Ryanair to restructure after posting €20m loss
Europe's largest low-cost airline, hit by lower fares, will set up four separate subsidiaries, each with its own CEO and management
Ryanair reported on Monday a €20 million (Dh84.1m) loss in the third quarter on weaker fares, which it expects to continue throughout the year.
Low fares had led the company two weeks ago to cut its full-year profit forecast for the second time in three months.
Ryanair expects its profit for the year to March to fall by up to 31 per cent due to a mix of summer strikes, higher oil prices and short-haul overcapacity in Europe, again warning on Monday that it could not rule out a further downgrade.
Europe's largest low-cost airline, which makes most of its profit in the summer, said it expected the continued short-haul overcapacity to lead to a weaker – not stronger – fare environment.

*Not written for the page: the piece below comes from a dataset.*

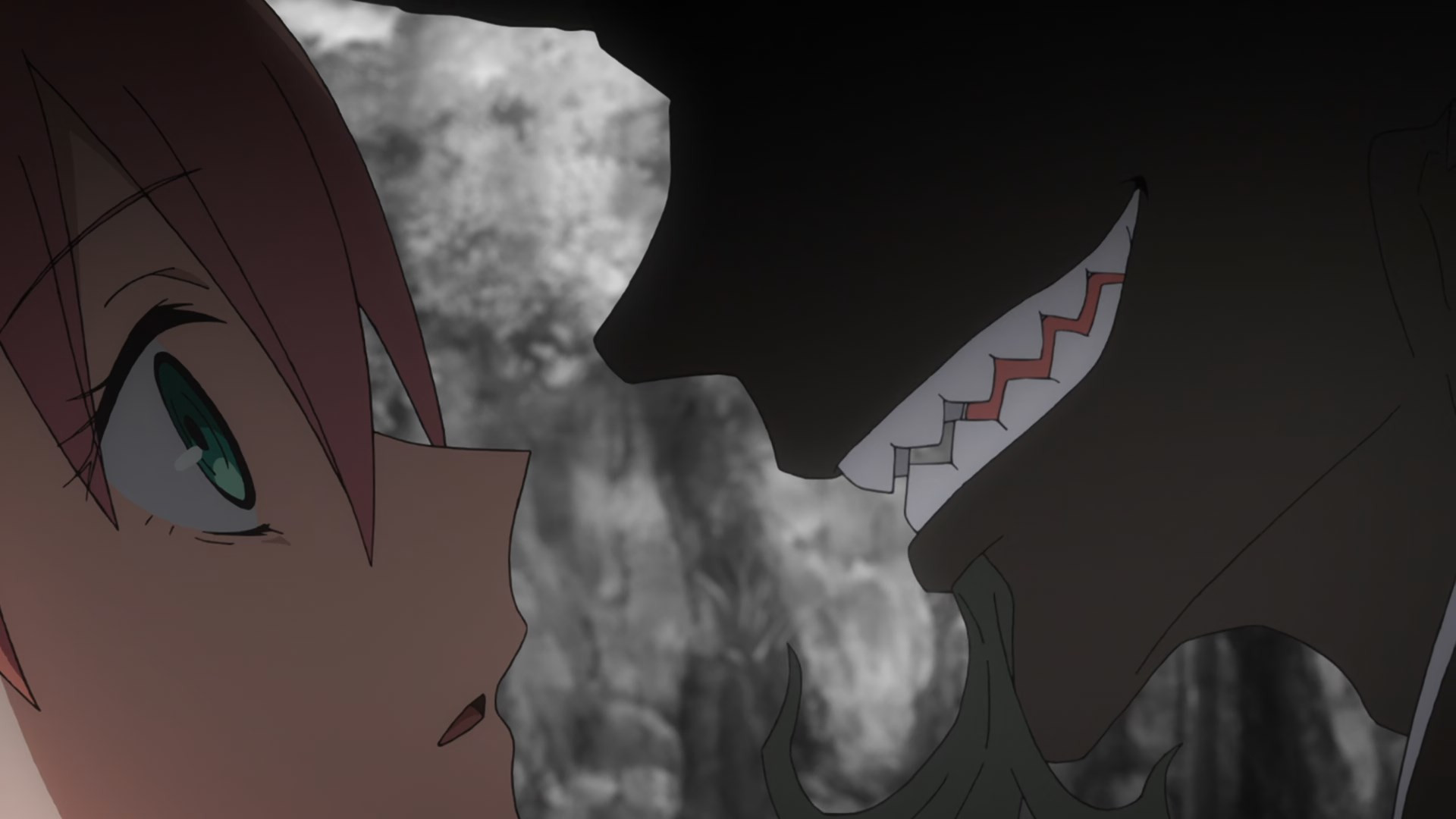 The focus at the start here is the monster the Dangaisyuu went to battle with at the close of the premiere. And the two monks sent to deal with it are no match for the creature called Shakugan. Fortunately for them Jinka intervenes and saves them, even carrying the pair to safety as they flee. It may seem odd for Jinka to save katawara-killing humans from a (seeming) katawara, but things are never quite straightforward with the world reform siblings.

"We do not share the recent optimistic outlook of some competitors that Summer 2019 airfares will rise," the Irish airline said.
"In the absence of further EU airline failures, and because of the recent fall in oil prices [which allows loss-making unhedged competitors to survive longer], we expect excess short haul capacity to continue through 2019."
Ryanair said in its profit warning last month that its fares in the second half of its financial year were set to fall by 7 per cent, rather than the 2 per cent previously estimated, reported Reuters. In the third quarter, strong traffic growth of 8 per cent was offset by a 6 per cent decline in average fares while a 26 per cent increase in ancillary revenues to €557m was offset by higher fuel and staff costs.
Also on Monday, Ryanair unveiled plans for an overhaul to create four subsidiaries.
Mirroring a set-up by British Airways and Iberia owner IAG, Ryanair said it planned to have four distinct operations, each with its own chief executive, reported Agence-France Presse. Chief executive Michael O'Leary will head up the overall group, Ryanair said.
Under him will be Ryanair DAC overseeing the Irish operations and there will be also Ryanair UK, Laudamotion for its Austrian business and Ryanair Sun, or the Polish unit.
"Having agreed this group strategy as the best way to grow Ryanair, Sun, Lauda and other possible airline brands, Michael O'Leary has agreed a new five-year contract as group CEO," the carrier said.
The airline added: "Over the next 12 months Ryanair Holdings will move to a group structure not dissimilar to that of IAG.
"A small senior management team will oversee the development of four airline subsidiaries ... [focusing] upon efficient capital allocation, cost reductions, aircraft acquisitions and small scale M&A opportunities," the company said
Chairman David Bonderman, a controversial figure who has occupied the position since 1996, will also stand down next year, according to Ryanair. The change will remove the biggest focus of opposition to the discount giant’s current leadership team, Bloomberg said. Mr Bonderman will be replaced by Stan McCarthy, who will take up the position of deputy chair in April of this year.
Ryanair also reiterated its concerns over Brexit.
"The risk of a 'no-deal' Brexit remains worryingly high. While we hope that common sense will prevail, and lead to either a delay in Brexit, or agreement on the 21 month transition deal currently on the table, we have taken all necessary steps to protect Ryanair's business in a no-deal environment."
Britain accounts for about one-quarter of revenues at Ryanair, causing the airline to warn frequently about potential fallout from the UK's rocky path to exiting the European Union.